Department of Physiology, New York Medical College, Valhalla, New York 10532, USA.
Am J Physiol Heart Circ Physiol. 2011 Sep;301(3):H1033-42. doi: 10.1152/ajpheart.00018.2011. Epub 2011 May 27.
Low flow postural tachycardia syndrome (LFP) is associated with vasoconstriction, reduced cardiac output, increased plasma angiotensin II, reduced bioavailable nitric oxide (NO), and oxidative stress. We tested whether ascorbate would improve cutaneous NO and reduce vasoconstriction when delivered systemically. We used local cutaneous heating to 42°C and laser Doppler flowmetry to assess NO-dependent conductance (%CVC(max)) to sodium ascorbate and the systemic hemodynamic response to ascorbic acid in 11 LFP patients and in 8 control subjects (aged 23 ± 2 yr). We perfused intradermal microdialysis catheters with sodium ascorbate (10 mM) or Ringer solution. Predrug heat response was reduced in LFP, particularly the NO-dependent plateau phase (56 ± 6 vs. 88 ± 7%CVC(max)). Ascorbate increased baseline skin flow in LFP and control subjects and increased the LFP plateau response (82 ± 6 vs. 92 ± 6 control). Systemic infusion experiments used Finometer and ModelFlow to estimate relative cardiac index (CI) and forearm and calf venous occlusion plethysmography to estimate blood flows, peripheral arterial and venous resistances, and capacitance before and after infusing ascorbic acid. CI increased 40% after ascorbate as did peripheral flows. Peripheral resistances were increased (nearly double control) and decreased by nearly 50% after ascorbate. Calf capacitance and venous resistance were decreased compared with control but normalized with ascorbate. These data provide experimental support for the concept that oxidative stress and reduced NO possibly contribute to vasoconstriction and venoconstriction of LFP.
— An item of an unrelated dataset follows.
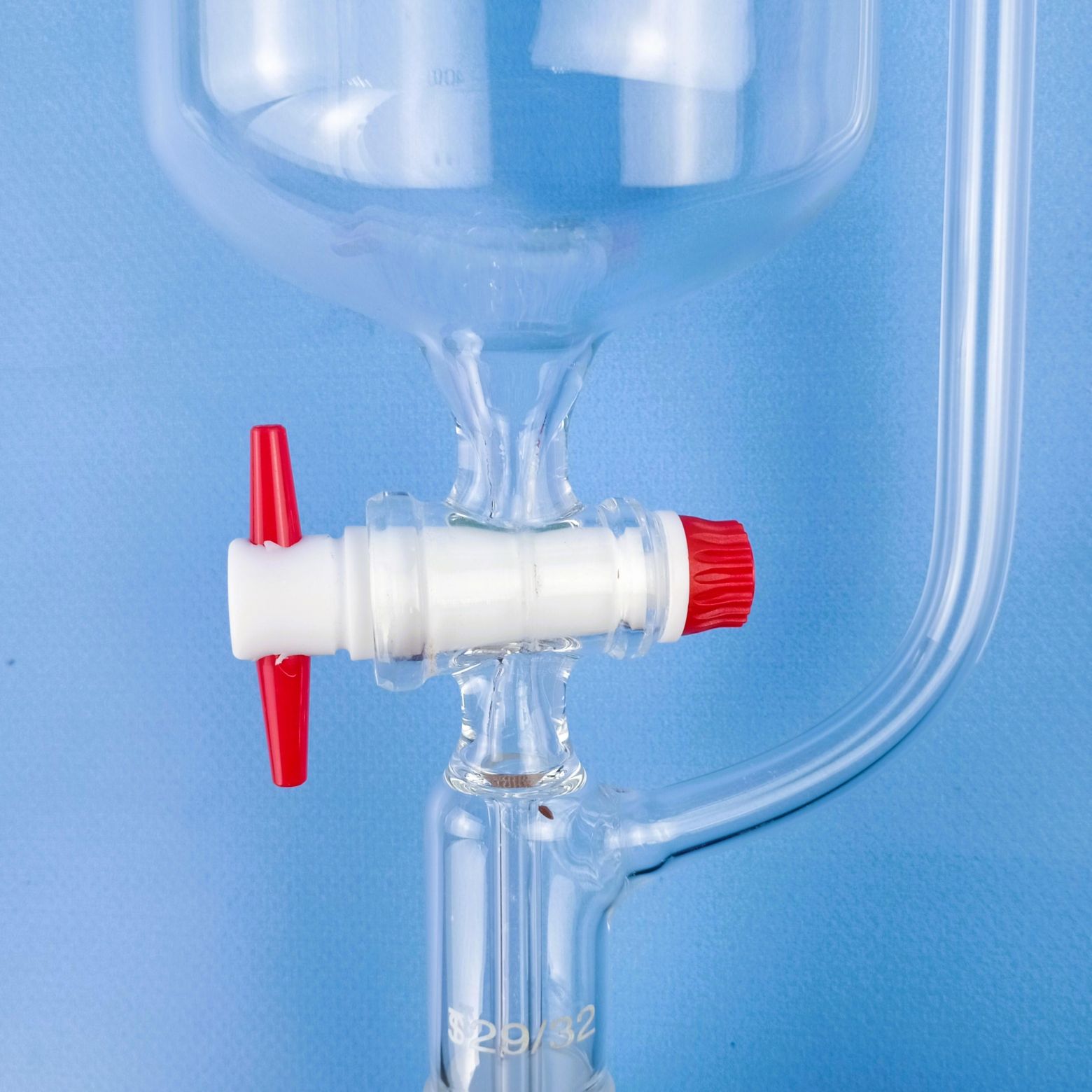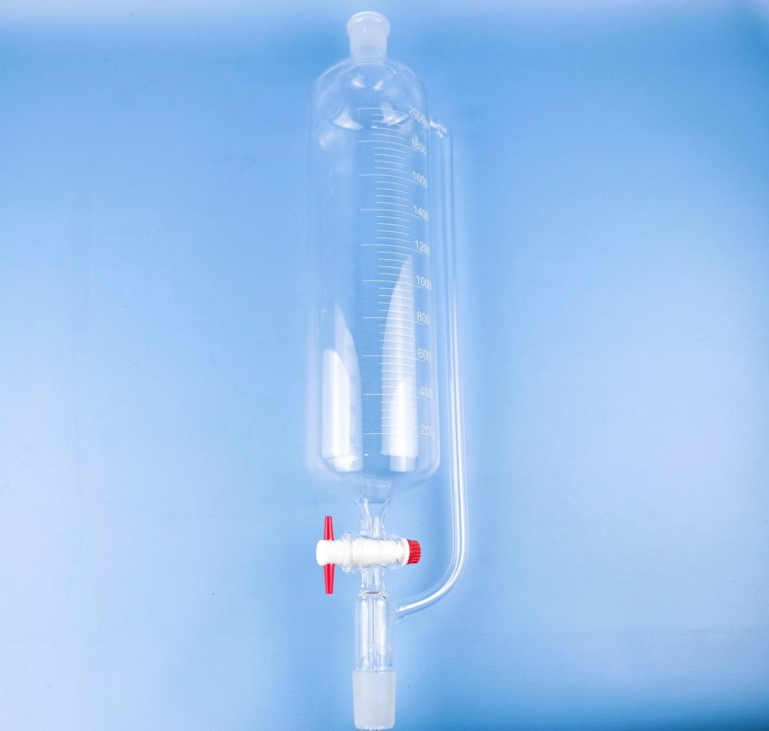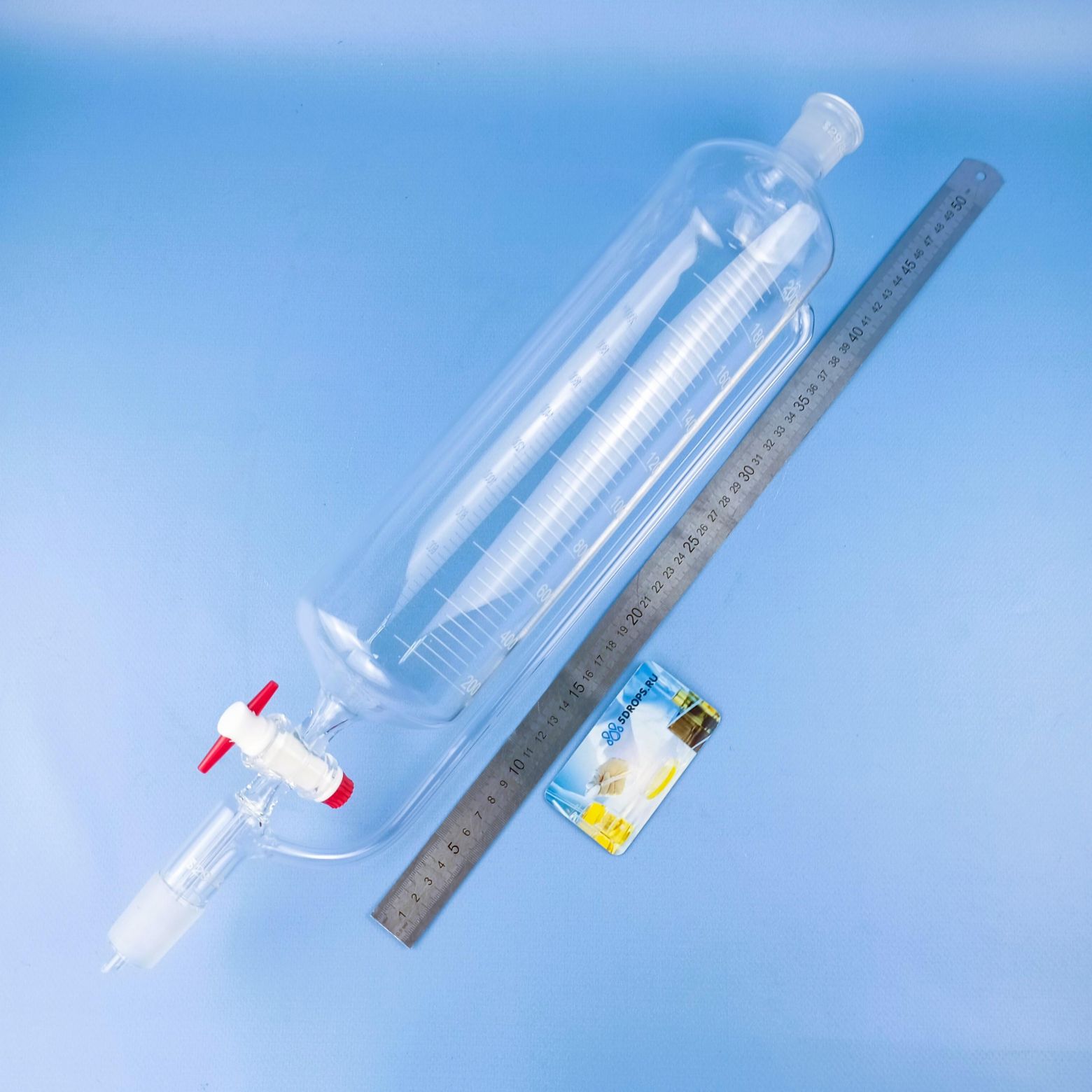 Воронка капельная цилиндрическая 5drops, ВД-2-2000 шлиф 29/32, с компенсатором давления, на 1000 мл. Воронка капельная применяется для разделения жидких несмешивающихся веществ разной плотности, она используются если необходимо достаточно медленно ввести жидкость на дно каких-либо сосудов. Ее часто применяют если ведётся работа с малыми дозами веществ. Изготовлена из стекла способного переносить воздействие большинства химических соединений, включая кислоты и неконцентрированные щелочи. Благодаря наличии компенсатора давления вы сможете добавлять различные жидкости в очень плотно закрытые ёмкости. Компенсатор давления представляет собой трубку, расположенную в боковой части воронки. Предназначена для для сброса избыточного газа из колбы после слива в нее нижней более тяжелой жидкости, когда следует изолировать ее от воздействия воздуха. Капельные воронки бывают грушевидной или цилиндрической формы.

低流量体位性心动过速综合征(LFP)与血管收缩、心输出量减少、血浆血管紧张素 II 增加、生物可利用的一氧化氮(NO)减少和氧化应激有关。我们测试了全身性给予抗坏血酸是否会改善皮肤 NO 并减少血管收缩。我们使用局部皮肤加热至 42°C 和激光多普勒流量测量法来评估对钠抗坏血酸的 NO 依赖性传导(%CVC(max))以及抗坏血酸对 11 名 LFP 患者和 8 名对照者的全身血流动力学反应(年龄 23 ± 2 岁)。我们用 10 mM 抗坏血酸钠或林格溶液灌注皮内微透析导管。LFP 患者的药物预处理热反应降低,尤其是 NO 依赖性平台期(56 ± 6%比 88 ± 7%CVC(max))。抗坏血酸增加了 LFP 和对照组的基础皮肤血流量,并增加了 LFP 平台反应(82 ± 6%比 92 ± 6%对照组)。系统输注实验使用 Finometer 和 ModelFlow 来估计相对心指数(CI),使用前臂和小腿静脉闭塞容积描记术来估计血流量、外周动脉和静脉阻力以及输注抗坏血酸前后的电容。抗坏血酸输注后 CI 增加了 40%,外周血流量也增加了。抗坏血酸输注后外周阻力增加(接近对照组的两倍),降低了近 50%。与对照组相比,小腿电容和静脉阻力降低,但用抗坏血酸后正常化。这些数据为氧化应激和 NO 减少可能导致 LFP 的血管收缩和静脉收缩的概念提供了实验支持。